Exercise brief - Among the records below, find each line containing the word "UNIT" and copy it.

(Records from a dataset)
- Opening Delimiter -

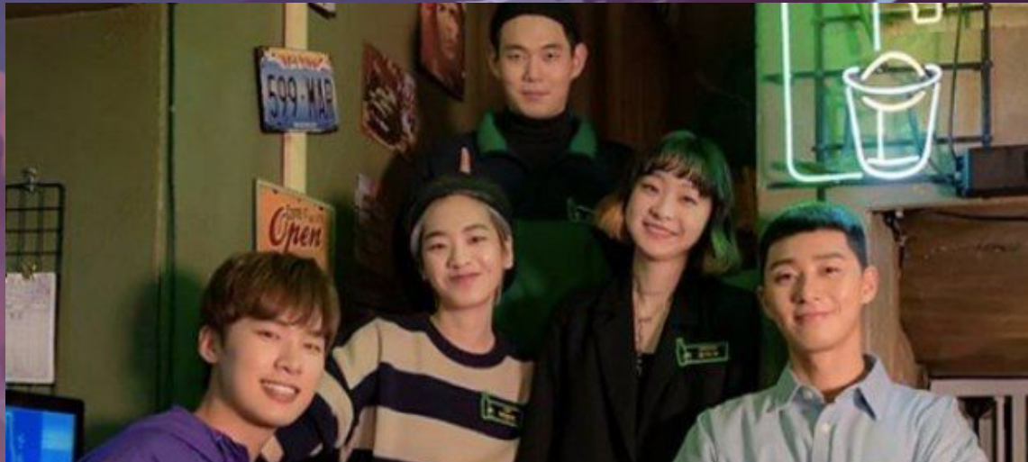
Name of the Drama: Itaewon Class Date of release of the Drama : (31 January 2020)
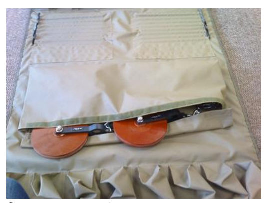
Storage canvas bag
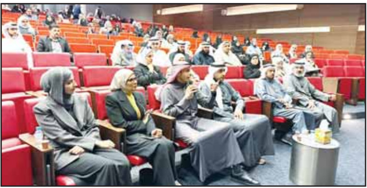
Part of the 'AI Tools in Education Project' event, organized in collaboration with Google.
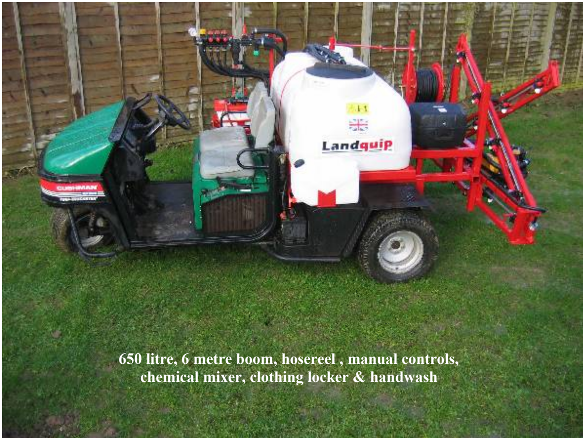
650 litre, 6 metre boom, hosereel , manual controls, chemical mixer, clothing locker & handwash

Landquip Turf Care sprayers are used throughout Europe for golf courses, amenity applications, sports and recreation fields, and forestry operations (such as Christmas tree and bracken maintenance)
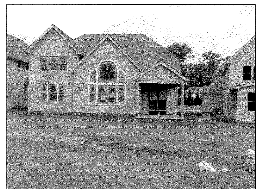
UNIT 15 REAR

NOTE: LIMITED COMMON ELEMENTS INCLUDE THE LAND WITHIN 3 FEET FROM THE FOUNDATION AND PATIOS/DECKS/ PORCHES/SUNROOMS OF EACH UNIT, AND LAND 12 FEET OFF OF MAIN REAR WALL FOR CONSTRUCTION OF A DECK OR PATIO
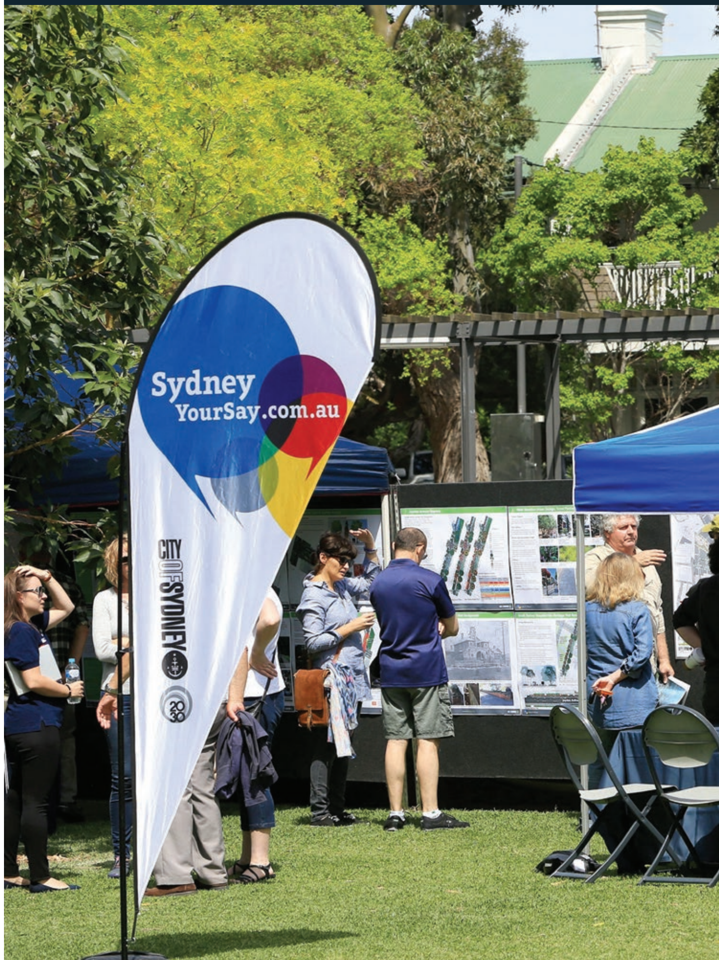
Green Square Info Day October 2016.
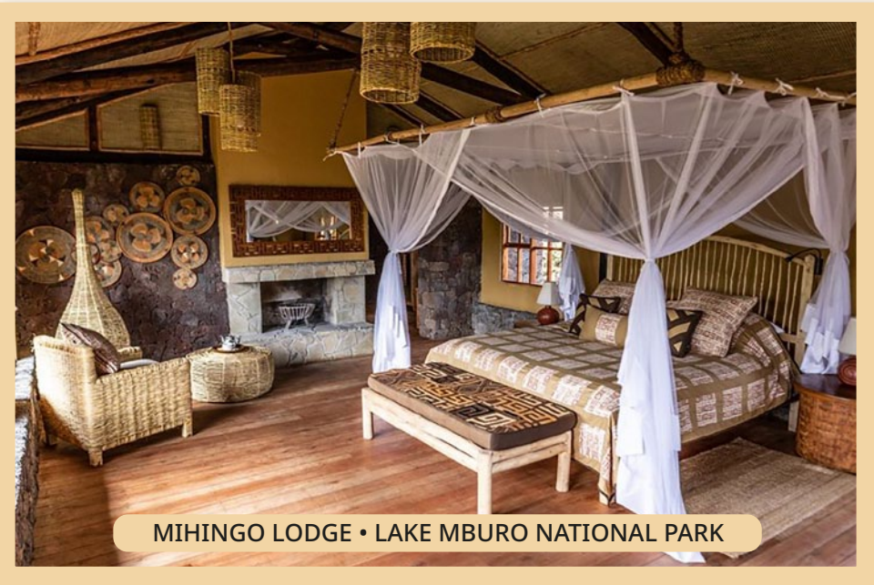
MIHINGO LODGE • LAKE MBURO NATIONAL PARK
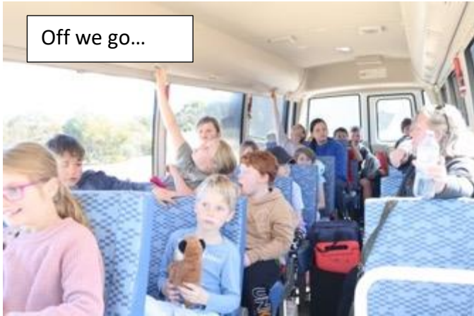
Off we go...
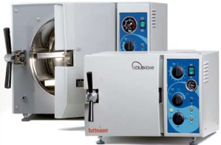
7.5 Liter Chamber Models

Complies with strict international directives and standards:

- Closing Delimiter -

Response area -
UNIT 15 REAR
NOTE: LIMITED COMMON ELEMENTS INCLUDE THE LAND WITHIN 3 FEET FROM THE FOUNDATION AND PATIOS/DECKS/ PORCHES/SUNROOMS OF EACH UNIT, AND LAND 12 FEET OFF OF MAIN REAR WALL FOR CONSTRUCTION OF A DECK OR PATIO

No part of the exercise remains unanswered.